*Task directions*
Could you restate the data below word for word, without its pictures?

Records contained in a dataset
────────

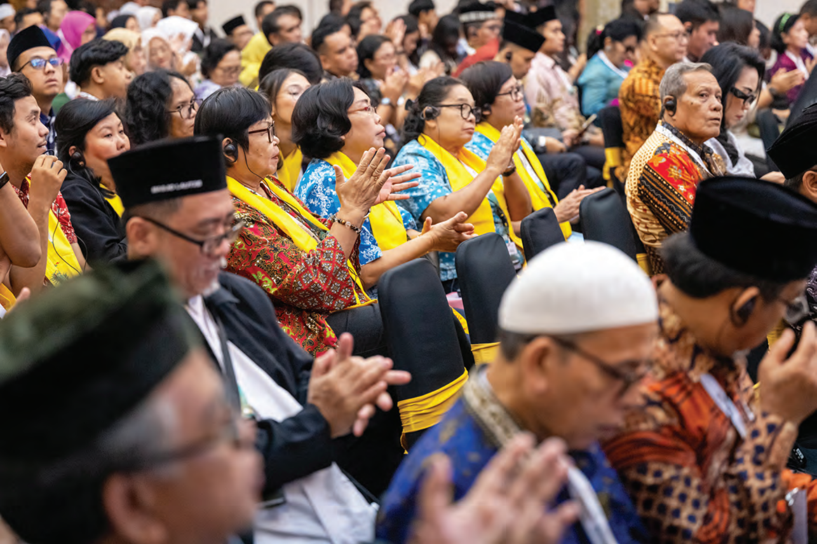
A section of the audience attending the Interfaith Harmony Conference in Jakarta, which brought together more than 350 participants from across Indonesia.

particular, and on global peace more broadly. He noted that many unjust wars throughout human history have been superficially attributed to religion, despite not reflecting its genuine humanitarian teachings.
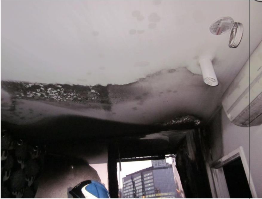
View of damaged wall and smoke detectors made inoperable. Others were covered over.
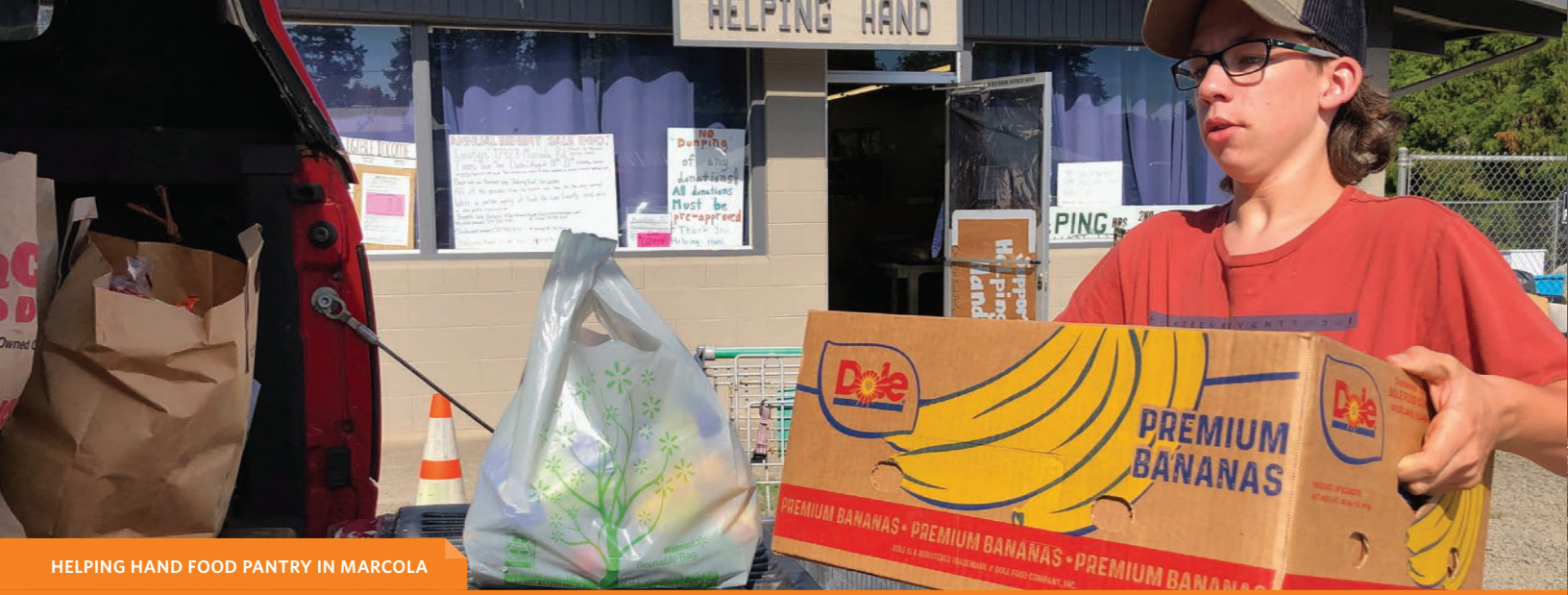
HELPING HAND FOOD PANTRY IN MARCOLA
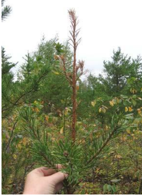
Figure 10: Late season terminal weevil Symptom on current leader
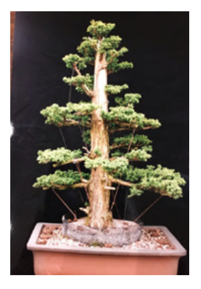
Rough styling done, and in a bonsai container.
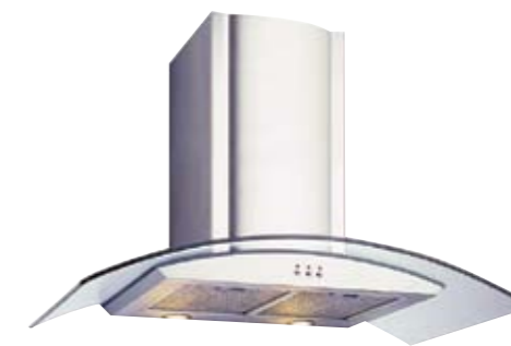
90CM S/S CURVED GLASS CANOPY 520M /HR AIR MOVEMENT TWIN HALOGEN LIGHTS DISHWASHER SAFE FILTERS
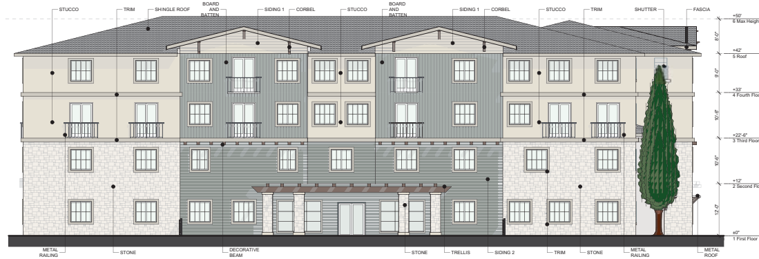
02 Back (South) Elevation SCALE: 1/8" = 1'-0"

────────

*Result below*
A section of the audience attending the Interfaith Harmony Conference in Jakarta, which brought together more than 350 participants from across Indonesia.

particular, and on global peace more broadly. He noted that many unjust wars throughout human history have been superficially attributed to religion, despite not reflecting its genuine humanitarian teachings.
View of damaged wall and smoke detectors made inoperable. Others were covered over.
HELPING HAND FOOD PANTRY IN MARCOLA
Figure 10: Late season terminal weevil Symptom on current leader
Rough styling done, and in a bonsai container.
90CM S/S CURVED GLASS CANOPY 520M /HR AIR MOVEMENT TWIN HALOGEN LIGHTS DISHWASHER SAFE FILTERS
02 Back (South) Elevation SCALE: 1/8" = 1'-0"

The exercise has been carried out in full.